We all go through it: that existential crisis when we think too hard about the clients we work with, the proposals we send, and the cold emails we write. We have no idea why someone would choose us over the swarm of other people who charge less…or create faster…or write more…or, or, or…the list goes on.
“Why would they choose me?”
- every freelancer ever, probably
We Are all Imposters
It doesn’t matter if you’ve only been at this whirlwind of life we call freelancing for a month or if you’ve been crushing it for years — that haunting ghoul of imposter syndrome still jumps out and spooks you more often than you’d like to admit.
Imposter syndrome is that funny little thought that says you aren’t actually as great as your resume, your portfolio, your LinkedIn page, your bank account or even your clients say.
It’s weird, really.
You’ve done the work. Made the phone calls. Put in the long hours and sleepless nights. Created fantastic work that your clients love and come back to you again and again — yet you can’t shake that self-doubting question.
The answer is simple: we are imposters.
And that’s what sets us apart. Your client is looking for a freelancer who can get inside his head, pick out the most important details about what his customers are looking for and bring it to life.
The best freelancers do it with such suave composure that what they produce looks like the work of a seasoned industry veteran — but most of us aren’t industry vets, of course. We have a different skillset.

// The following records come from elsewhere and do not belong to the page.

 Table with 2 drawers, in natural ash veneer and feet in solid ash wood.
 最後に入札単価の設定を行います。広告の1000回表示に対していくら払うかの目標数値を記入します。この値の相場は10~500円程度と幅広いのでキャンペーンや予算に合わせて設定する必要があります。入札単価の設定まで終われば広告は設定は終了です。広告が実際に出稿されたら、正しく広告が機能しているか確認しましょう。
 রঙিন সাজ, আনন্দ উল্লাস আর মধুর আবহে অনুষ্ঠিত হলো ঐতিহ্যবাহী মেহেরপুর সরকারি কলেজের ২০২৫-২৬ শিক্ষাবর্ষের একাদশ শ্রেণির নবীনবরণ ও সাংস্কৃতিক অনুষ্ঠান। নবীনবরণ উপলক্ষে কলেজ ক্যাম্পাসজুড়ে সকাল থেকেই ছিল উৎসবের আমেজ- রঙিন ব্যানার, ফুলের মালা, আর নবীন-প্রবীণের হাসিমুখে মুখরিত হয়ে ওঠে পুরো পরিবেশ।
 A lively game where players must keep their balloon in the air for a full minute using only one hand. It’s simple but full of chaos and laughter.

Instead, we have the ability to quickly collect and organize information about our client, his business, his goals, his customers and the projects he assigns us. We take everything we learn and create something beautiful. Something educational. Something moving.
We are word wizards. Graphics gurus. Camera connoisseurs. Marketing magicians.

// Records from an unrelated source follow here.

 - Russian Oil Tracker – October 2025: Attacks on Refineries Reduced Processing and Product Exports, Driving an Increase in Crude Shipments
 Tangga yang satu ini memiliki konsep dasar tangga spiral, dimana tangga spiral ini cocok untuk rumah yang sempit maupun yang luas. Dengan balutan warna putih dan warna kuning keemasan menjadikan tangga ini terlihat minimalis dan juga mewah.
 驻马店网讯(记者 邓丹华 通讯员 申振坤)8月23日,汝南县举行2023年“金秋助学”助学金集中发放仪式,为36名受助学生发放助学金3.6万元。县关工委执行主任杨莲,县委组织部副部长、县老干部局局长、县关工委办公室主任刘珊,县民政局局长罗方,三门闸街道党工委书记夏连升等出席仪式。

It may not make sense to you,
But your clients choose you over all the other candidates because they connect with you and you connect with them. You show them that you care about their business and have the ability to create something meaningful for them.
But your fear and self-doubt keep coming back.
“Do I really understand their business?”
“Will they actually like my work?”
The answer, of course, is YES! If you’ve had success freelancing you’ve found a way to connect with clients, understand their businesses and create meaningful content…and you can do it again, and again, and again. You just have to ask the right questions.
Three questions you should ask every client about every project
Question 1: What’s your problem?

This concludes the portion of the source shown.